Supplied information:
***
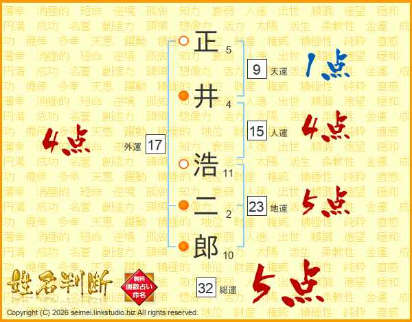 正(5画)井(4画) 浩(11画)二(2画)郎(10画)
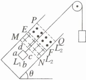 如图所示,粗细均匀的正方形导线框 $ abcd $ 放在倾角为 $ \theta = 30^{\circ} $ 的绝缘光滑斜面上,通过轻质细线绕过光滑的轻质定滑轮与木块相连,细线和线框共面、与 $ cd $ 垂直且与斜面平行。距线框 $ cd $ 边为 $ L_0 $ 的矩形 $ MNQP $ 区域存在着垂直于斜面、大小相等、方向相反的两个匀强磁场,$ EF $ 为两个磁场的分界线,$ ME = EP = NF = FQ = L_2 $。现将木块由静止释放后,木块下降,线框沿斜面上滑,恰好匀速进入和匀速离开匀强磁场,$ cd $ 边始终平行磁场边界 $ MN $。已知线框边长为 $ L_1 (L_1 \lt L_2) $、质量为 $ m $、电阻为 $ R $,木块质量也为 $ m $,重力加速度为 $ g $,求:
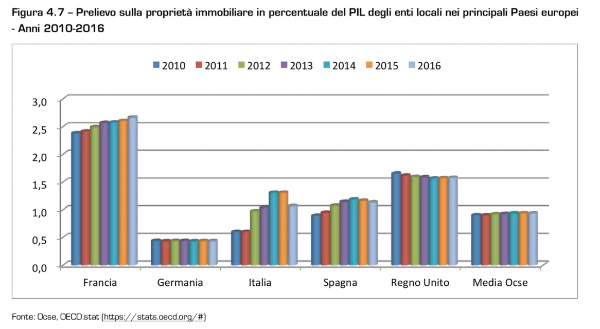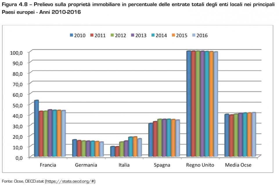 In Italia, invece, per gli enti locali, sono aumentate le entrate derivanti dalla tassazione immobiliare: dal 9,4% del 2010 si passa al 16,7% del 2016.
***
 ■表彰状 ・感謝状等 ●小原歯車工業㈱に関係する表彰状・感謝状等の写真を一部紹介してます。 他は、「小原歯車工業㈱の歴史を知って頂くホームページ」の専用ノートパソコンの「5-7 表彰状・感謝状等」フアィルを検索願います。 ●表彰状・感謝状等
***
Exercise description: Give again, exactly as written above, each line from the one that has "正(5画)井(4画) 浩(11画)二(2画)郎(10画)" to the one that has "In Italia, invece, per", both included; omit the pictures.

Answer to the problem:
 正(5画)井(4画) 浩(11画)二(2画)郎(10画)
 如图所示,粗细均匀的正方形导线框 $ abcd $ 放在倾角为 $ \theta = 30^{\circ} $ 的绝缘光滑斜面上,通过轻质细线绕过光滑的轻质定滑轮与木块相连,细线和线框共面、与 $ cd $ 垂直且与斜面平行。距线框 $ cd $ 边为 $ L_0 $ 的矩形 $ MNQP $ 区域存在着垂直于斜面、大小相等、方向相反的两个匀强磁场,$ EF $ 为两个磁场的分界线,$ ME = EP = NF = FQ = L_2 $。现将木块由静止释放后,木块下降,线框沿斜面上滑,恰好匀速进入和匀速离开匀强磁场,$ cd $ 边始终平行磁场边界 $ MN $。已知线框边长为 $ L_1 (L_1 \lt L_2) $、质量为 $ m $、电阻为 $ R $,木块质量也为 $ m $,重力加速度为 $ g $,求:
 In Italia, invece, per gli enti locali, sono aumentate le entrate derivanti dalla tassazione immobiliare: dal 9,4% del 2010 si passa al 16,7% del 2016.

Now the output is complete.